A radioactive cloud, will, of course, be far worse, with residue active for years if not decades. Or longer.
The sane and decent among us must stand up against such an eventuality. We must, in a direct and practical way, insist on the right of all of us, of all living thigs, to live a full life beyond the fierce and unforgiving shadow of our own demise.
We have among us, in the 21st century, a unique breed of humanity; a subspecies obsessed with vanity and revenge. They would be wise to remember that defining proverb of vengeance; he who seeks revenge must dig his own grave first.
These fools and knaves would eagerly dig graves for us all in their brittle and relentless quest for revenge.
Among all the hazards and challenges of life, these revenge seekers are the gravest threat of all. They would gladly sacrifice us all on the altar of their own petty grievances.
They should be kept away from any offices or corridors of power – and in a setting where they can quarrel and contend among themselves.
If we allow them to take us down with them, we too are fools of the highest order.
They love death and destruction. They tell us constantly what they intend – they aren’t even threats – they are ecstatic fantasies of eternal dominion over ashes and impotent rage.
They are eager to weave us into their apocalyptic nightmare scenarios. They see themselves as divine tools – of emissaries - of their empty kingdoms.
Their intention is, of course, not an entirely “empty” kingdom. Some have openly admitted that their ideal society would be a feudal system – with lords and vassals – only the very rich and the very poor.
In the economy of 2026, you can see this strategy at work. The USA – and most of the world, is, perhaps intentionally, bifurcated; split between the “haves” and the “have-nots”.
The economy at work is emphasizing, if no ratifying this split. In the developing economy (which could also be described as a collapsing economy) what was once the middle will continue to disintegrate; and more will find themselves, largely by momentum, pushed or pulled into ever greater wealth or poverty.
Those two categories will do well in the coming economy; the wealthy because they have the resources and assets, and the poor because they have always had to improvise. Scavenging and “making do” are essential acquired life skills and practices that will serve – and have served -them well.

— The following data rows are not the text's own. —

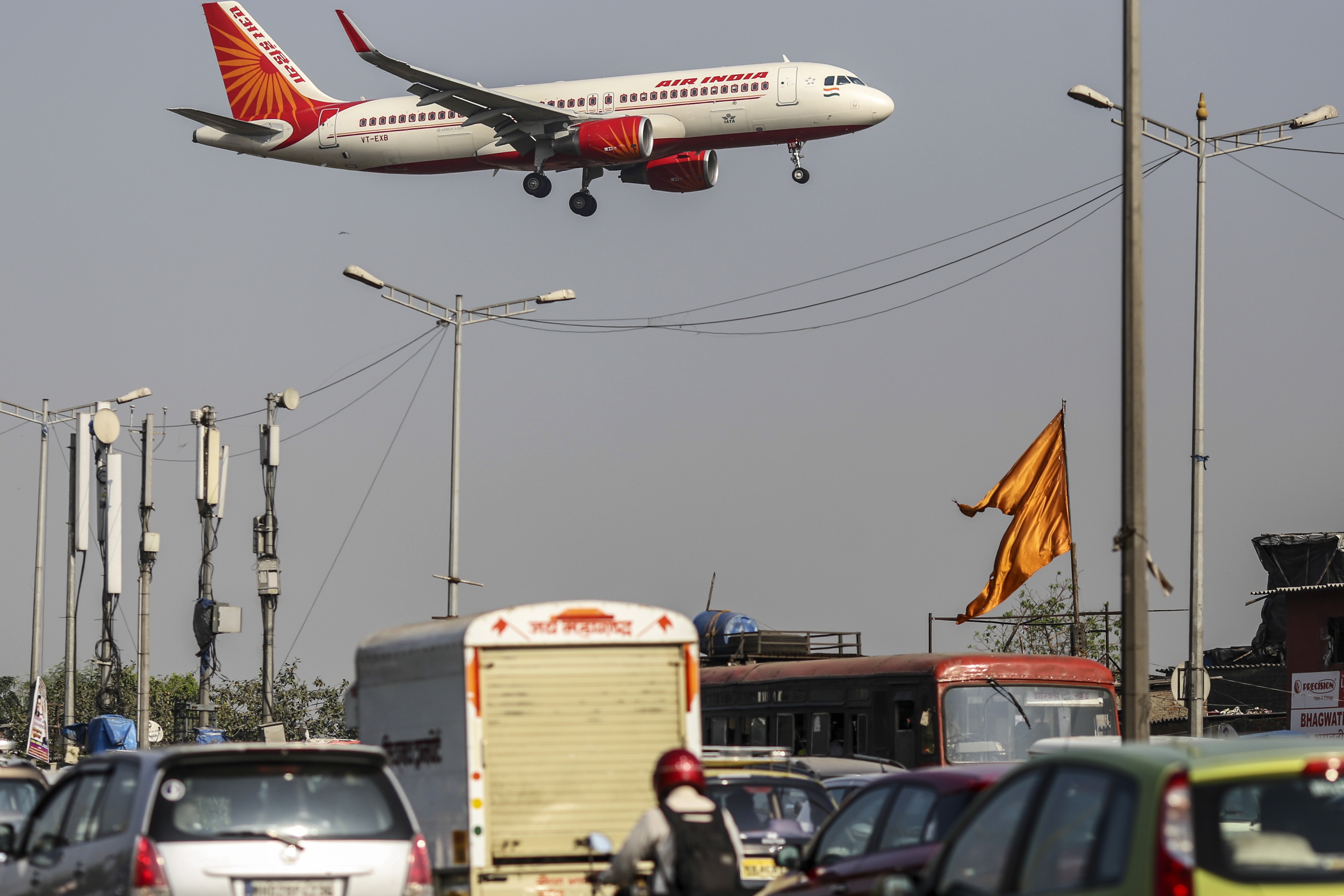 An Air India Ltd. aircraft passes over traffic as it prepares to land at Chhatrapati Shivaji International Airport in Mumbai, India. (Photographer: Dhiraj Singh/Bloomberg)
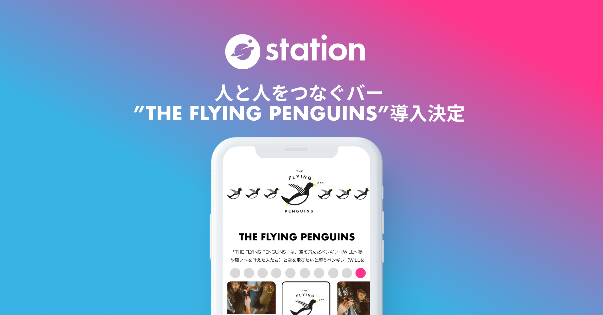 コミュニティインフラツール「station」(サービス提供会社:station株式会社 本社:東京都千代田区、共同代表:渡邊雄介、三宅高弘、以下station)が、この度、株式会社ファイアープレイスが運営する人と人をつなぐバー「THE FLYING PENGUINS」へ導入されました。
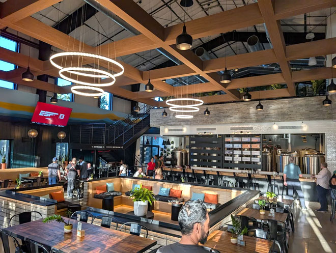 The 10,000-square-foot, two-story brewery’s stunning interior features a sunken seating area beneath hovering circular lights, an airy upstairs bar, a full kitchen, and a patio filled with picnic tables and Adirondack chairs around fire pits.
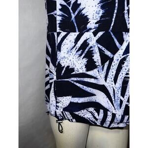 The New Zenergy CHICO'S Jacket in size L features a stylish blue ombre leaf print, making it perfect for travel and casual occasions. Made from a blend of polyester and spandex, this 3/4 sleeve windbreaker offers a classic fit and is lightweight, making it ideal for the summer, fall, and spring seasons. With a full zip closure, collared neckline, and pockets, this jacket combines functionality with a colorful and leafy theme, showcasing the brand's signature style. Perfect for adding a touch of beach-inspired flair to your wardrobe.
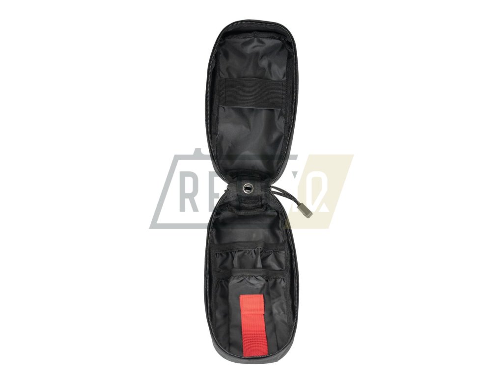 Na čelní straně pouzdra naleznete elastickou přihrádku, která je určena pro vložení škrtidla/turniketu. Přihrádka je krytá chlopní se suchým zipem. Chlopeň je opatřena červeným nápisem TQ a jednoduchým táhlem usnadňujícím otevírání. Vnitřek hlavního úložného prostoru je přístupný skrze dvoucestný zip a pouzdro lze v případě potřeby rychle "roztrhnout" pomocí vnitřního táhla v kontrastní červené barvě. Uvnitř pouzdra naleznete několik pruženek, které jsou vhodné k uložení dalšího zdravotnického vybavení jako jsou nůžky, gázy apod.
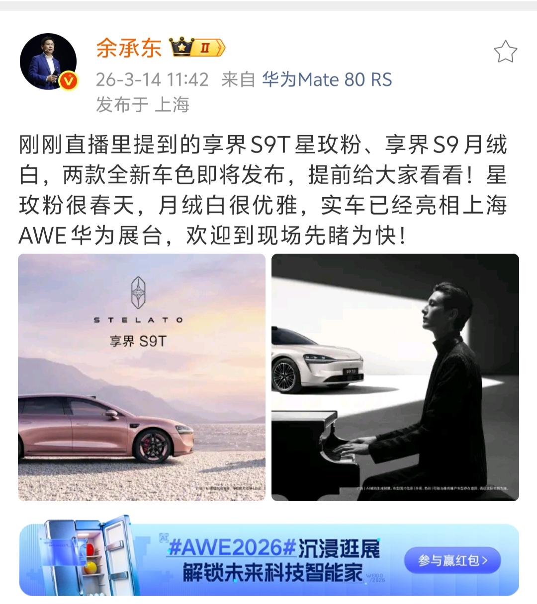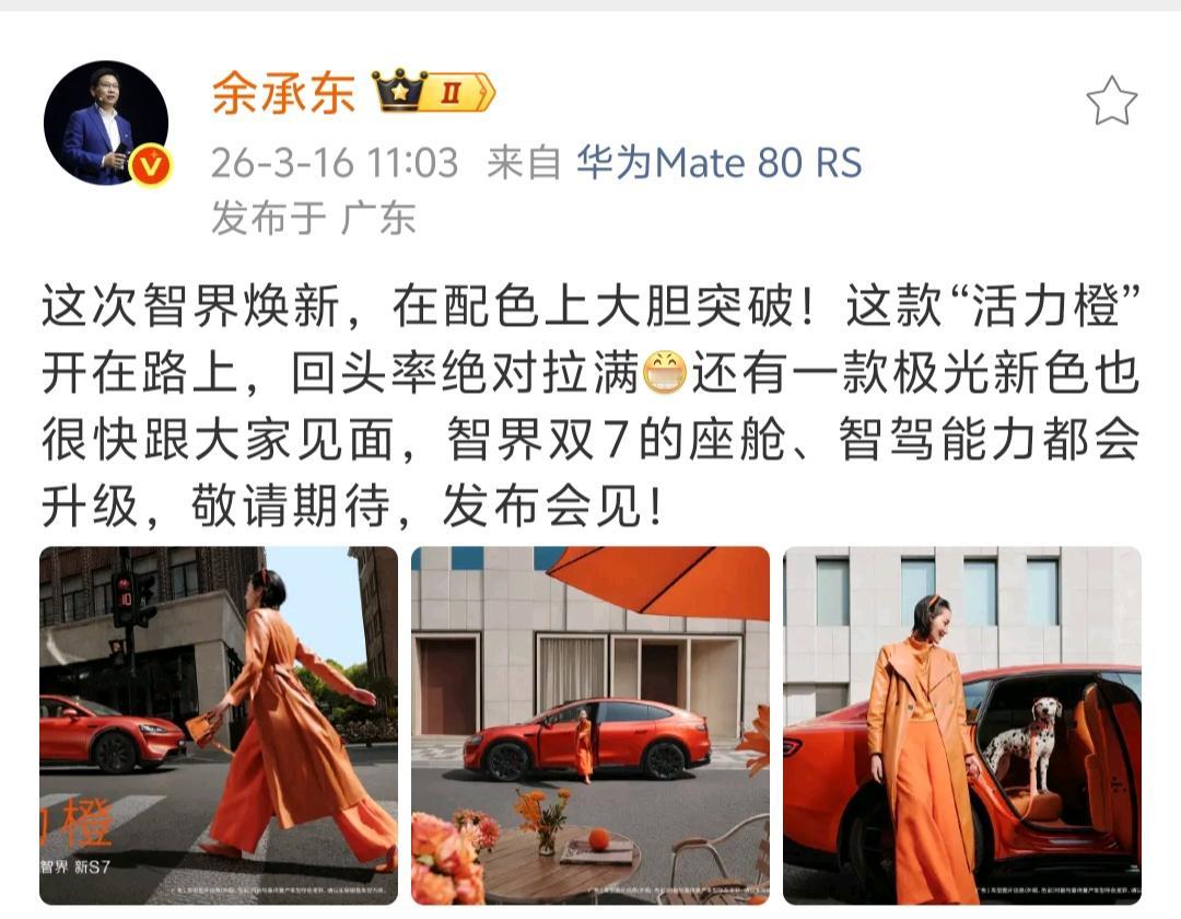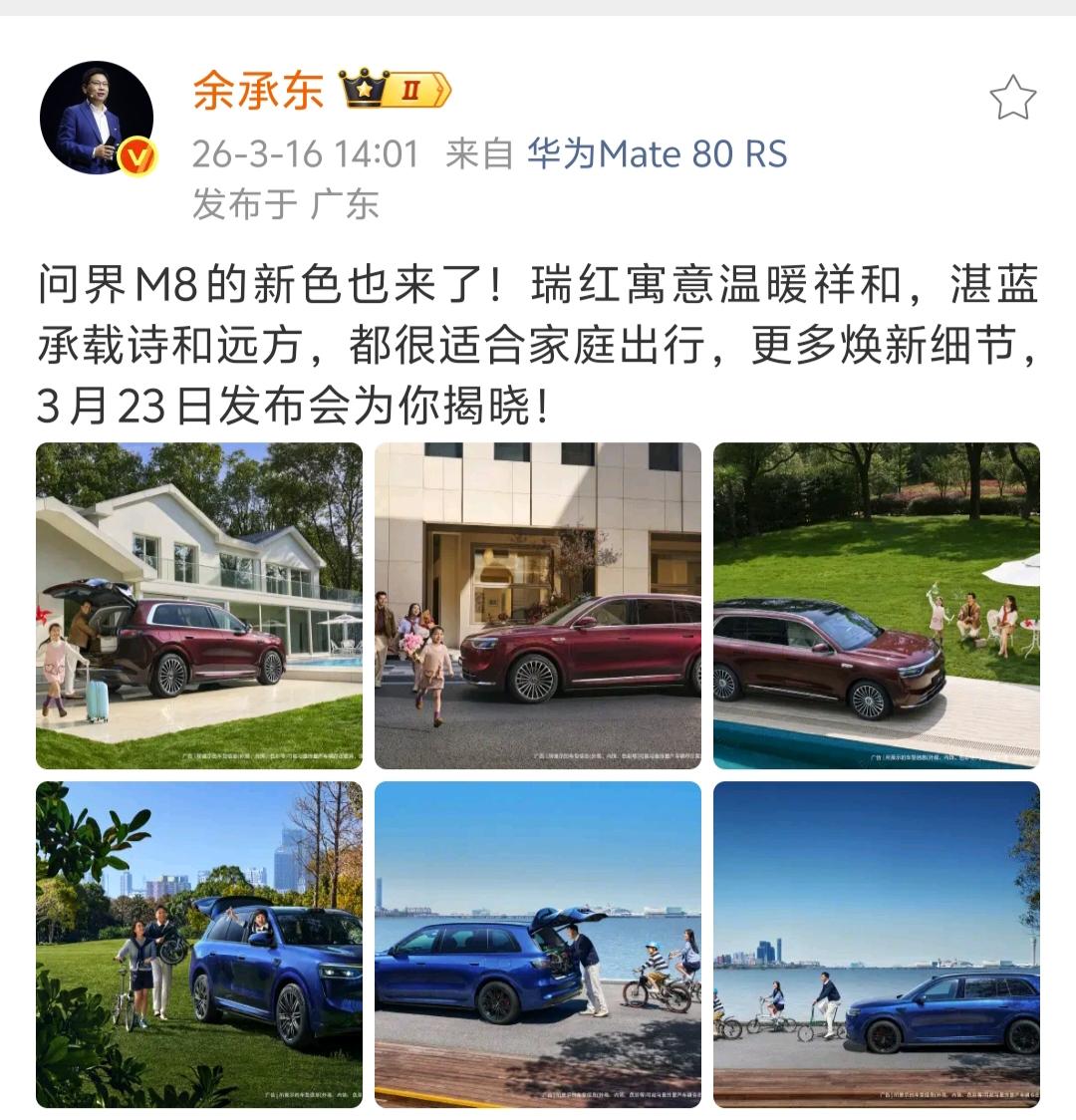 余承东亲自官宣了,华为23号的春季全场景新品发布会好多新车好啊,数了一下,一共有3款新车小定,6款在售车型焕新升级。 即将正式发布并开启小定的是问界M6、尚界Z7、尚界Z7T,焕新升级的是享界S9和S9T、智界S7和R7、问界M8、问界M7。 几天前,余承东就开始连续发了好多条微博为这批新车造势,并且对每个“界”都一视同仁,每家都专门发微博推介,也是操碎了心了。 3款新车同日小订,这在车圈已经是大动作了,还有6款在售的车型焕新,虽然不算改款,但增加新颜色的同时还将升级到896线激光雷达,也是够震撼了。 发布会一如既往的沿用华为风格,时间没有选在晚上黄金时段,反而安排在下午14:30,正是大家上班的时候,可见余总对这批新品的号召力真的很自信。华为入局智驾的鲶鱼效应 鸿蒙智行 余承东 问界 智界 享界

We are learning in 2026, that mutually assured destruction is also an economic concept.
Iran has learned one important principle when it comes to war with the USA; the USA does not have much stomach for long, protracted wars. If it is a matter of waiting out the damage and surviving the next day, unless the USA – or Israel – uses a nuclear weapon “first”, Iran is likely to win, or at least stalemate any waitng game.
The next few months – or years – will see how much mutually assured destruction any of us can tolerate.